With every land takeover dispute now ready to be politicised, the Congress and Trinamul Congress waded into the row. Their activists blocked roads in Asansol and Burnpur towns and ransacked Asansol (South) police station demanding the police release the 80 men and 46 women they had arrested.

The land-losers had lost their case in Calcutta High Court last week and were expecting today’s police action after turning down the administration’s request to vacate the land at a meeting last night.


The 800 personnel were enough to handle the 700 protesters, but the 50 policewomen were too few for the 300 women and children who formed the human shield. The policemen lent their co-workers a hand by dragging women protesters to waiting buses, while some women took off their saris and lay down to avert arrest.

There were molestation charges later. “We were agitating peacefully but the police attacked us with lathis and tried to molest our women. They abused us and threatened to kill us,” said Chanakya Roy, a protester.

The steel plant hadn’t earlier taken possession of the land because it didn’t have the money to start modernising. But last year, the Prime Minister announced a Rs 10,000-crore package with a 2009 deadline and the project sprang back to life.

The state started paying the land-losers last year. The Congress claimed the villagers had been offered only Rs 5.6 lakh an acre although ISP had paid the government over Rs 13 lakh an acre.

Chief Minister Buddhadeb Bhattacharjee refused to comment on the charge but said the problem “would be over soon”.

ISP has said it paid Rs 40 crore for the 305 acres in the Purushottampur, Nagrasoda and Hirapur mouzas, about 260 km from Calcutta. Nagrasoda and Hirapur, where 65 acres of the site lie, accepted the cheques but Purushottampur, with 240 acres, held out.

The villagers are encouraged by the job offer from the Jindals to land-losers at the site of their planned Salboni steel plant.
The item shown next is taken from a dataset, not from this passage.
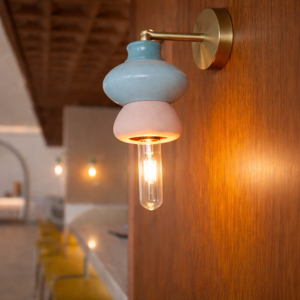 Hermosa lámpara arbotante, 22 cm de diámetro, accesorios dorados, con 3 módulos de cerámica bañados en esmalte de alto brillo.
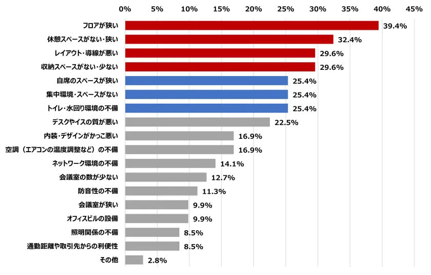 また、コロナ以前もあった「フロアが狭い」などの要素に加え、「自席のスペースが狭い」、「集中環境・スペースがない」、「トイレ・水回り環境の不備」などのコロナ禍ならではの回答も上位となっています。

Real estate company DLF and electronics major Videocon, too, have promised jobs to the displaced.

The Asansol administration has clamped Section 144 to prevent gatherings at the village, but the protesters have vowed to fight on.

They stoned the police, hitting deputy magistrate Soumya Bhattacharya in the chest and injuring five policemen, including the additional superintendent. A lathi-charge left a dozen villagers injured.

“The police kicked me in the abdomen though I told them I was pregnant. I lay bleeding till my husband rescued me,” said Parbati Roy, wife of Dukhomoy, a daily labourer.

In Nandigram, bombs and bullets continued to fly across the Talpatti canal that separates CPM and Opposition areas.